* _Exercise data_:

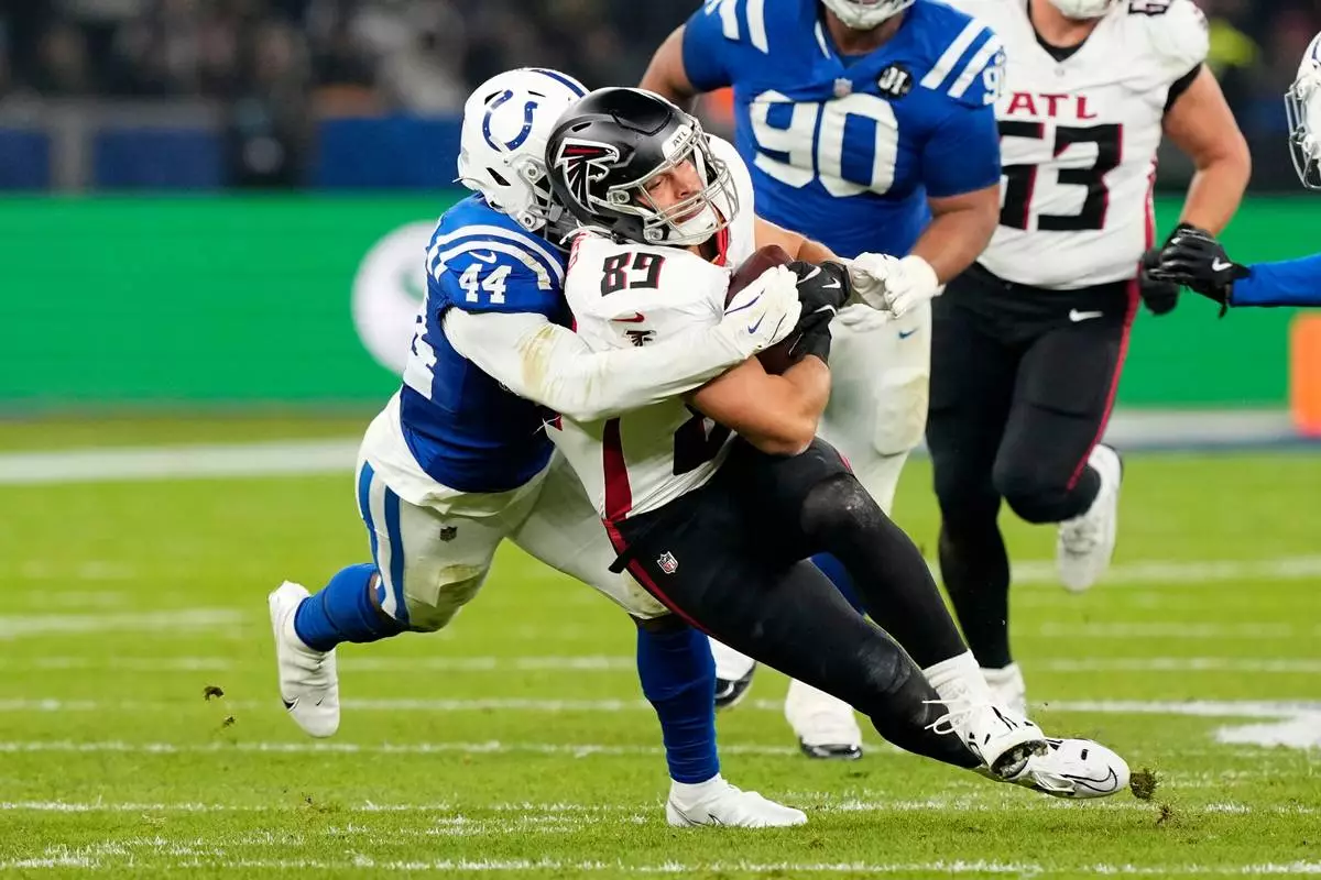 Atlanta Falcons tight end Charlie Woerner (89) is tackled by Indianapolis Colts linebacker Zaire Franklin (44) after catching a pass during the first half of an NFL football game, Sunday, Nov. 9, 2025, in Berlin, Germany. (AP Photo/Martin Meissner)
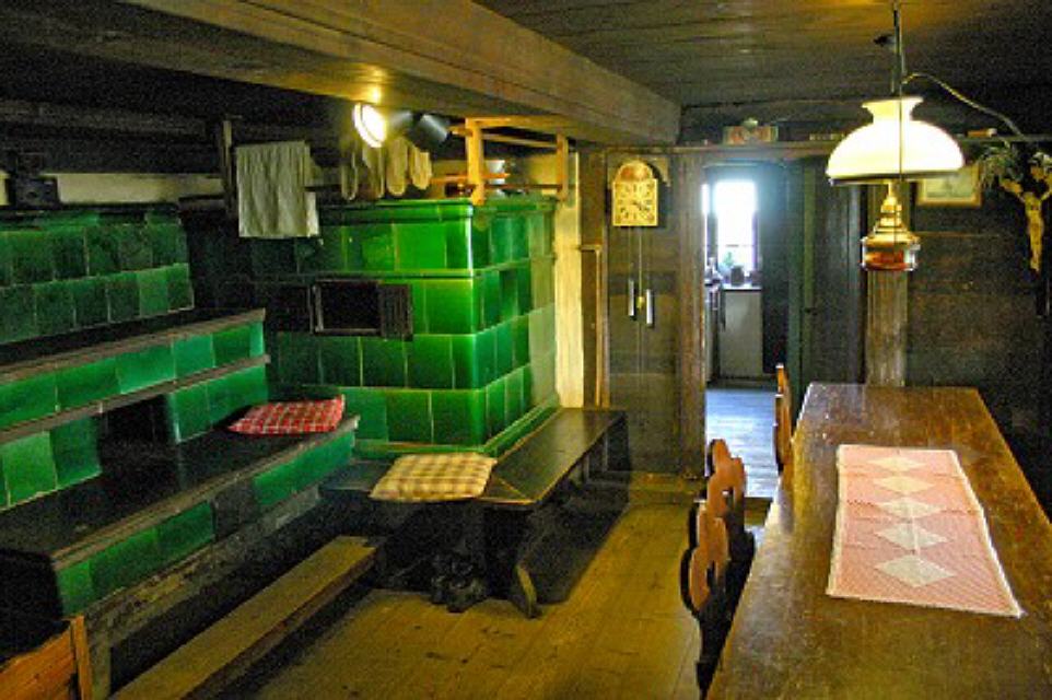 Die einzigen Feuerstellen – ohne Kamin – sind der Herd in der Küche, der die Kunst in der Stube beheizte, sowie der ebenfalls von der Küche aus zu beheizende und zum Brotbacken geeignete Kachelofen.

==

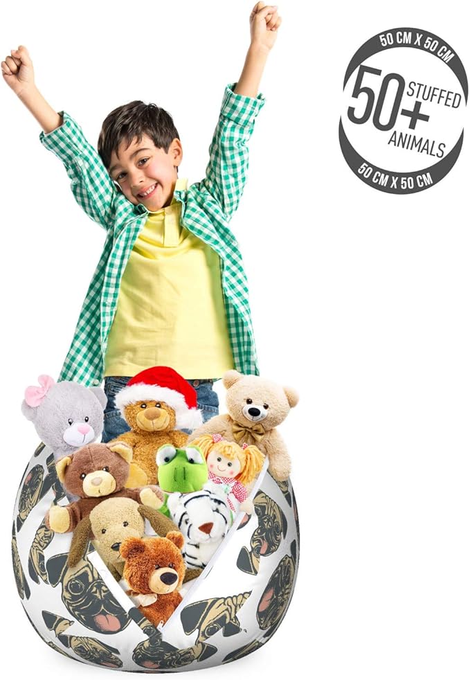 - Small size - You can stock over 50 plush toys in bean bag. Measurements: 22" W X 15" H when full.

* _Your task_:
Copy exactly the part of the material above that opens with the line containing "Atlanta Falcons tight" and closes with the line containing "Die einzigen Feuerstellen", ends included. Drop the images.

* _Reply_:
 Atlanta Falcons tight end Charlie Woerner (89) is tackled by Indianapolis Colts linebacker Zaire Franklin (44) after catching a pass during the first half of an NFL football game, Sunday, Nov. 9, 2025, in Berlin, Germany. (AP Photo/Martin Meissner)
 Die einzigen Feuerstellen – ohne Kamin – sind der Herd in der Küche, der die Kunst in der Stube beheizte, sowie der ebenfalls von der Küche aus zu beheizende und zum Brotbacken geeignete Kachelofen.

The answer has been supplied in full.